== Exercise ==
Would you output all the lines below precisely as they stand, leaving each picture out?

== Raw data ==
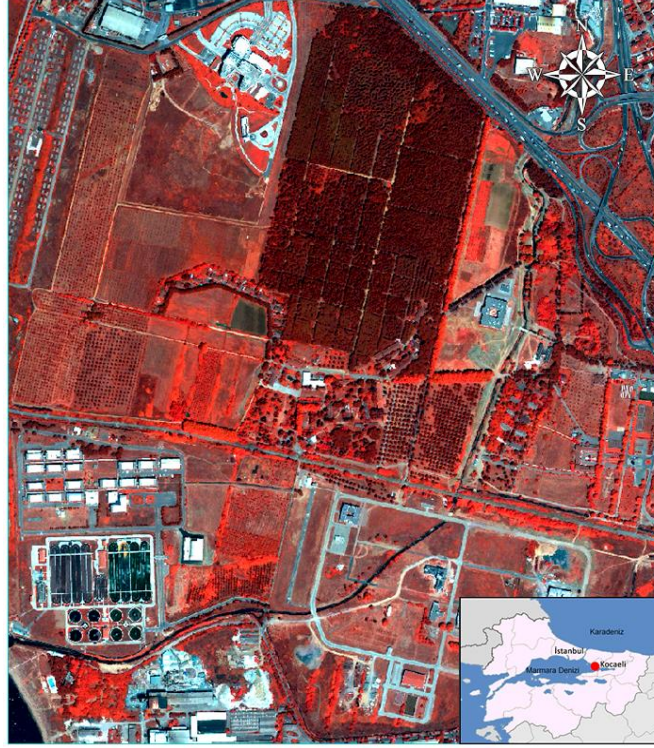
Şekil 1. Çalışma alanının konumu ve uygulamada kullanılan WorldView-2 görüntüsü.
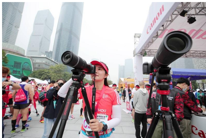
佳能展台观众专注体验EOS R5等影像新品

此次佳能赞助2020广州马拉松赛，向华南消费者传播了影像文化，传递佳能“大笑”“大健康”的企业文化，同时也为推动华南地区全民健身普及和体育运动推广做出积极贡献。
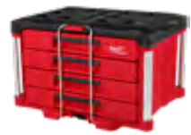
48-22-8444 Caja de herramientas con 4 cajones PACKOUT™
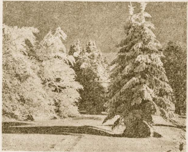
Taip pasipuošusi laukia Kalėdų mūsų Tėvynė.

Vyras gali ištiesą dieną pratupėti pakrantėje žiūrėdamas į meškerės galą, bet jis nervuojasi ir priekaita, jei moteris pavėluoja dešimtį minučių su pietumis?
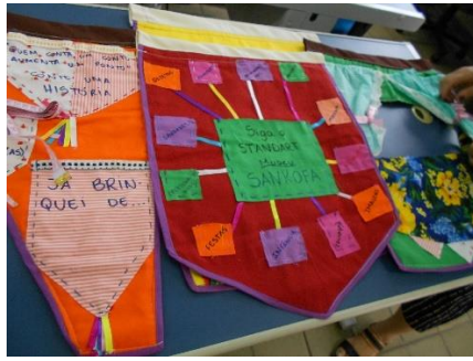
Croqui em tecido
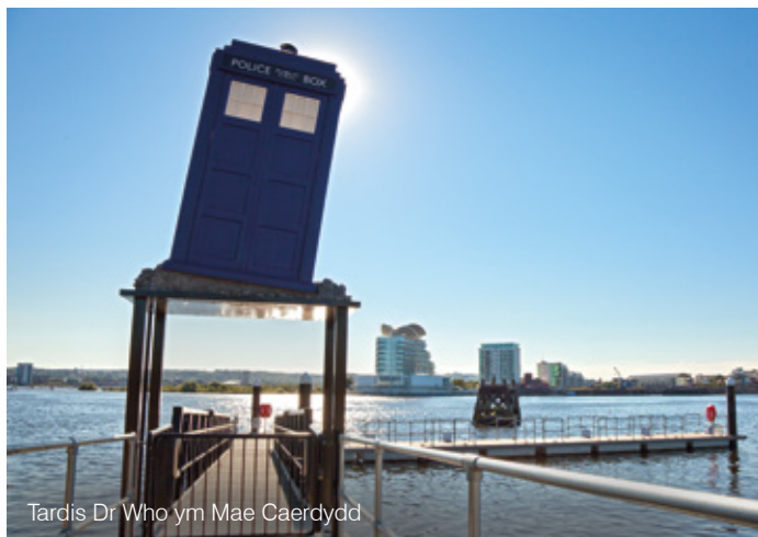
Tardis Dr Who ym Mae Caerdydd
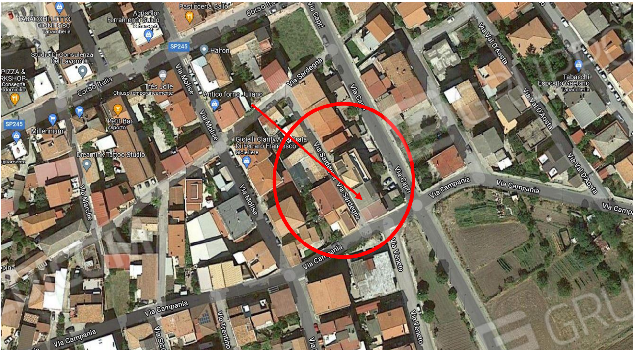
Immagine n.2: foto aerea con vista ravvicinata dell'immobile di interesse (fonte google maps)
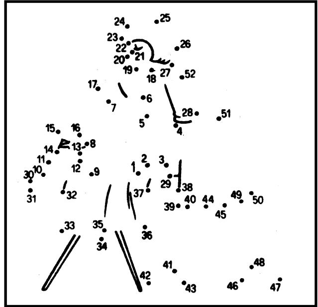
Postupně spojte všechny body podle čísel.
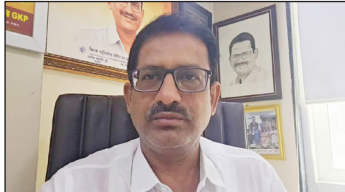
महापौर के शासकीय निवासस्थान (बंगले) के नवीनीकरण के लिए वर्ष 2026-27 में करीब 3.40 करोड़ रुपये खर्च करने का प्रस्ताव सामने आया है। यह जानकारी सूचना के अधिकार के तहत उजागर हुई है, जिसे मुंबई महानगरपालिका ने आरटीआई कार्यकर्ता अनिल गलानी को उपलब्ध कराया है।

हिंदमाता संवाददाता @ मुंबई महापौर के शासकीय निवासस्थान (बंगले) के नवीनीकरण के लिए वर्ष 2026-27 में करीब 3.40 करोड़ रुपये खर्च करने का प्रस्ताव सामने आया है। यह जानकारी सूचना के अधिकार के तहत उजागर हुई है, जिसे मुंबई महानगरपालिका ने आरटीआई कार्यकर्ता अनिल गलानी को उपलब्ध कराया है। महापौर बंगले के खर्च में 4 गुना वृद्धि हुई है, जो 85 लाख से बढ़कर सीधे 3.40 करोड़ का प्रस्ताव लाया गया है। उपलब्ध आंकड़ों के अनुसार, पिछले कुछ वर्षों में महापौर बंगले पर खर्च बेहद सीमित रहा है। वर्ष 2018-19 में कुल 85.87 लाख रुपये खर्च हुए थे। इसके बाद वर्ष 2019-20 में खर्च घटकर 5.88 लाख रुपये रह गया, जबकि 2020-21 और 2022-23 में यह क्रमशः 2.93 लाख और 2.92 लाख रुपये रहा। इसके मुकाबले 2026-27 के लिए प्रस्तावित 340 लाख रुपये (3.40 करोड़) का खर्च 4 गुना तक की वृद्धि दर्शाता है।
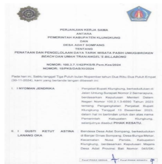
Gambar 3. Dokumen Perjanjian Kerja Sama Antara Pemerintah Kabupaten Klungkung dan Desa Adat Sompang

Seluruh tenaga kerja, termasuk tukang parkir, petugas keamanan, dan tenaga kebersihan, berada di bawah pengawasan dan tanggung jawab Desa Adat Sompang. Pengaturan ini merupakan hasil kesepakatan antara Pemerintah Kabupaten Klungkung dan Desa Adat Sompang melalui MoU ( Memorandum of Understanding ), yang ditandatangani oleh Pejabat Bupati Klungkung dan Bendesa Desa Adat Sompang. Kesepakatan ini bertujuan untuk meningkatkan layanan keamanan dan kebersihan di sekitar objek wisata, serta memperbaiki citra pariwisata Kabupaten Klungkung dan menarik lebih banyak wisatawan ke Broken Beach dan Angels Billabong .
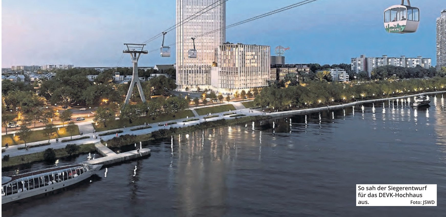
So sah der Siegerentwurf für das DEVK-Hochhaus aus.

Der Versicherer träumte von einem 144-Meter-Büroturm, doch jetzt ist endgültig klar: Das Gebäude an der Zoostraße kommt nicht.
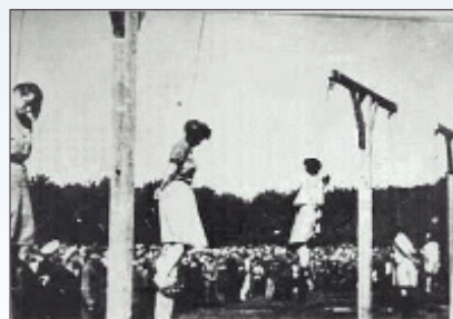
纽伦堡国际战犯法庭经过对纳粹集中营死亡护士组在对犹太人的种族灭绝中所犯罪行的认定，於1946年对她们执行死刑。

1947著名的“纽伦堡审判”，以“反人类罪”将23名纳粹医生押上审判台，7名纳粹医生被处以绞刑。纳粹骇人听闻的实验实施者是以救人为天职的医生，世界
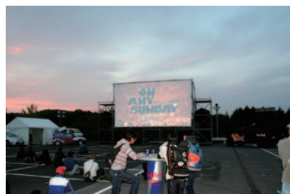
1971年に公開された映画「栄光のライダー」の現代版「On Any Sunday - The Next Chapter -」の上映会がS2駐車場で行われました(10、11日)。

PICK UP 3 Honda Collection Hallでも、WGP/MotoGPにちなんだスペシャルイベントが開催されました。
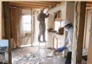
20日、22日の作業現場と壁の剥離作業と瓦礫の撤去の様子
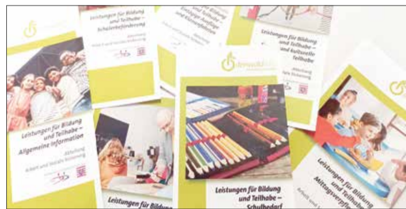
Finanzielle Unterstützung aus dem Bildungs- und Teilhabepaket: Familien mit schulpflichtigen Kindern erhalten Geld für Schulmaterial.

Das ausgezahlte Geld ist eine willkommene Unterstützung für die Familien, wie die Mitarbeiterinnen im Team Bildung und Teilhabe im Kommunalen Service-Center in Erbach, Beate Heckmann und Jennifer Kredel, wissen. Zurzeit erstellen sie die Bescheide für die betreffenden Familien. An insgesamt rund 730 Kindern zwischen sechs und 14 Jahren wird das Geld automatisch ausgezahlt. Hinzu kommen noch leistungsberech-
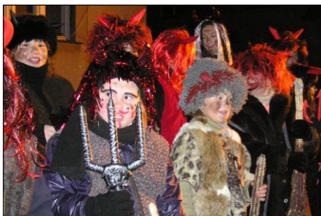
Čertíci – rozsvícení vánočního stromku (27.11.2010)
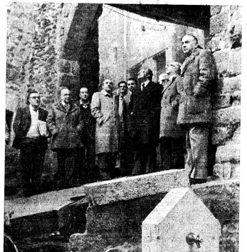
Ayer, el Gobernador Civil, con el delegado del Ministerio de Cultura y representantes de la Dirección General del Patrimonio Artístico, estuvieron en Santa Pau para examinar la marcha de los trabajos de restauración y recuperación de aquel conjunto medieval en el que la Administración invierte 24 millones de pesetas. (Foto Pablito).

== Written response ==
Şekil 1. Çalışma alanının konumu ve uygulamada kullanılan WorldView-2 görüntüsü.
佳能展台观众专注体验EOS R5等影像新品

此次佳能赞助2020广州马拉松赛，向华南消费者传播了影像文化，传递佳能“大笑”“大健康”的企业文化，同时也为推动华南地区全民健身普及和体育运动推广做出积极贡献。
48-22-8444 Caja de herramientas con 4 cajones PACKOUT™
Taip pasipuošusi laukia Kalėdų mūsų Tėvynė.

Vyras gali ištiesą dieną pratupėti pakrantėje žiūrėdamas į meškerės galą, bet jis nervuojasi ir priekaita, jei moteris pavėluoja dešimtį minučių su pietumis?
Croqui em tecido
Tardis Dr Who ym Mae Caerdydd
Immagine n.2: foto aerea con vista ravvicinata dell'immobile di interesse (fonte google maps)
Postupně spojte všechny body podle čísel.
महापौर के शासकीय निवासस्थान (बंगले) के नवीनीकरण के लिए वर्ष 2026-27 में करीब 3.40 करोड़ रुपये खर्च करने का प्रस्ताव सामने आया है। यह जानकारी सूचना के अधिकार के तहत उजागर हुई है, जिसे मुंबई महानगरपालिका ने आरटीआई कार्यकर्ता अनिल गलानी को उपलब्ध कराया है।

हिंदमाता संवाददाता @ मुंबई महापौर के शासकीय निवासस्थान (बंगले) के नवीनीकरण के लिए वर्ष 2026-27 में करीब 3.40 करोड़ रुपये खर्च करने का प्रस्ताव सामने आया है। यह जानकारी सूचना के अधिकार के तहत उजागर हुई है, जिसे मुंबई महानगरपालिका ने आरटीआई कार्यकर्ता अनिल गलानी को उपलब्ध कराया है। महापौर बंगले के खर्च में 4 गुना वृद्धि हुई है, जो 85 लाख से बढ़कर सीधे 3.40 करोड़ का प्रस्ताव लाया गया है। उपलब्ध आंकड़ों के अनुसार, पिछले कुछ वर्षों में महापौर बंगले पर खर्च बेहद सीमित रहा है। वर्ष 2018-19 में कुल 85.87 लाख रुपये खर्च हुए थे। इसके बाद वर्ष 2019-20 में खर्च घटकर 5.88 लाख रुपये रह गया, जबकि 2020-21 और 2022-23 में यह क्रमशः 2.93 लाख और 2.92 लाख रुपये रहा। इसके मुकाबले 2026-27 के लिए प्रस्तावित 340 लाख रुपये (3.40 करोड़) का खर्च 4 गुना तक की वृद्धि दर्शाता है।
Gambar 3. Dokumen Perjanjian Kerja Sama Antara Pemerintah Kabupaten Klungkung dan Desa Adat Sompang

Seluruh tenaga kerja, termasuk tukang parkir, petugas keamanan, dan tenaga kebersihan, berada di bawah pengawasan dan tanggung jawab Desa Adat Sompang. Pengaturan ini merupakan hasil kesepakatan antara Pemerintah Kabupaten Klungkung dan Desa Adat Sompang melalui MoU ( Memorandum of Understanding ), yang ditandatangani oleh Pejabat Bupati Klungkung dan Bendesa Desa Adat Sompang. Kesepakatan ini bertujuan untuk meningkatkan layanan keamanan dan kebersihan di sekitar objek wisata, serta memperbaiki citra pariwisata Kabupaten Klungkung dan menarik lebih banyak wisatawan ke Broken Beach dan Angels Billabong .
So sah der Siegerentwurf für das DEVK-Hochhaus aus.

Der Versicherer träumte von einem 144-Meter-Büroturm, doch jetzt ist endgültig klar: Das Gebäude an der Zoostraße kommt nicht.
纽伦堡国际战犯法庭经过对纳粹集中营死亡护士组在对犹太人的种族灭绝中所犯罪行的认定，於1946年对她们执行死刑。

1947著名的“纽伦堡审判”，以“反人类罪”将23名纳粹医生押上审判台，7名纳粹医生被处以绞刑。纳粹骇人听闻的实验实施者是以救人为天职的医生，世界
1971年に公開された映画「栄光のライダー」の現代版「On Any Sunday - The Next Chapter -」の上映会がS2駐車場で行われました(10、11日)。

PICK UP 3 Honda Collection Hallでも、WGP/MotoGPにちなんだスペシャルイベントが開催されました。
20日、22日の作業現場と壁の剥離作業と瓦礫の撤去の様子
Finanzielle Unterstützung aus dem Bildungs- und Teilhabepaket: Familien mit schulpflichtigen Kindern erhalten Geld für Schulmaterial.

Das ausgezahlte Geld ist eine willkommene Unterstützung für die Familien, wie die Mitarbeiterinnen im Team Bildung und Teilhabe im Kommunalen Service-Center in Erbach, Beate Heckmann und Jennifer Kredel, wissen. Zurzeit erstellen sie die Bescheide für die betreffenden Familien. An insgesamt rund 730 Kindern zwischen sechs und 14 Jahren wird das Geld automatisch ausgezahlt. Hinzu kommen noch leistungsberech-
Čertíci – rozsvícení vánočního stromku (27.11.2010)
Ayer, el Gobernador Civil, con el delegado del Ministerio de Cultura y representantes de la Dirección General del Patrimonio Artístico, estuvieron en Santa Pau para examinar la marcha de los trabajos de restauración y recuperación de aquel conjunto medieval en el que la Administración invierte 24 millones de pesetas. (Foto Pablito).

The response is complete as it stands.